Draw On Your Lawn With This Autonomous Mower And RTK-GPS

The rise of open source hardware has seen a wide variety of laborious tasks become successfully automated, saving us humans a great deal of hassle.  Suffice to say, some chores are easier to automate than others. Take the classic case of a harmless autonomous vacuum cleaner that can be pretty dumb, bumping around the place to detect the perimeter as it traverses the room blindly with a pre-programmed sweeping pattern.

Now in principle, this idea could be extended to mowing your lawn. But would you really want a high speed rotating blade running rampant as it aimlessly ventures outside the perimeter of your lawn? The Sunray update to the Ardumower autonomous lawn mower project has solved this problem without invoking the need to lay down an actual perimeter wire. As standard consumer grade GPS is simply not accurate enough, so the solution involves implementing your very own RTK-GPS hardware and an accompanying base station, introducing centimeter-level accuracy to your mowing jobs.

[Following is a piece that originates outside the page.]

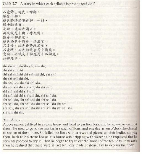 한시는 중국 시인이 쓴 시로 각각의 음절이 Shi(시)로 발음되는 한 이야기이다. 石, 詩, 十 등 다양한 한자가 적혀 있으나 발음은 성조만 다를 뿐 모두 Shi로 발음되고 있다. 뜻은 “’시’라는 이름의 시인이 돌로 만든 집에 살았다”이다.

RTK-GPS, also known as Carrier Phase Enhanced GPS, improves the accuracy of standard GPS by measuring the error in the signal using a reference receiver whose position is known accurately. This information is then relayed to the Ardumower board over a radio link, so that it could tweak its position accordingly. Do you need the ability to carve emojis into your lawn? No. But you could have it anyway. If that’s not enough to kick off the autonomous lawnmower revolution, we don’t know what is.

9 thoughts on “Draw On Your Lawn With This Autonomous Mower And RTK-GPS

  1. It’s pretty tempting to make a lawn robot.
    Instead of cutting grass I propose that it has several of those seed inserters sometimes found on walking sticks. So it’ll end up like aa colour dot matrix seed printer.

  2. I must have high standards for what a well cut lawn looks like. There are clearly streaks being left. Perhaps it simply isn’t programmed to overlap though. That said, just about every ardumower or other automated mower video on youtube seems to suffer from the same cut quality issues or shows gaps in the overlay patterns or is seen driving over extremely tall and poorly cut grass.

    Now I am not one to talk as I can’t do better, even though I have been tempted to try rolling one since seeing an early wire model in the late 90’s. Doing it well is HARD!

  3. I have approximately 5 acres I need to cut while I’m 170 miles away. This coupled with an electric mower that could be charged at a base station would be helpful.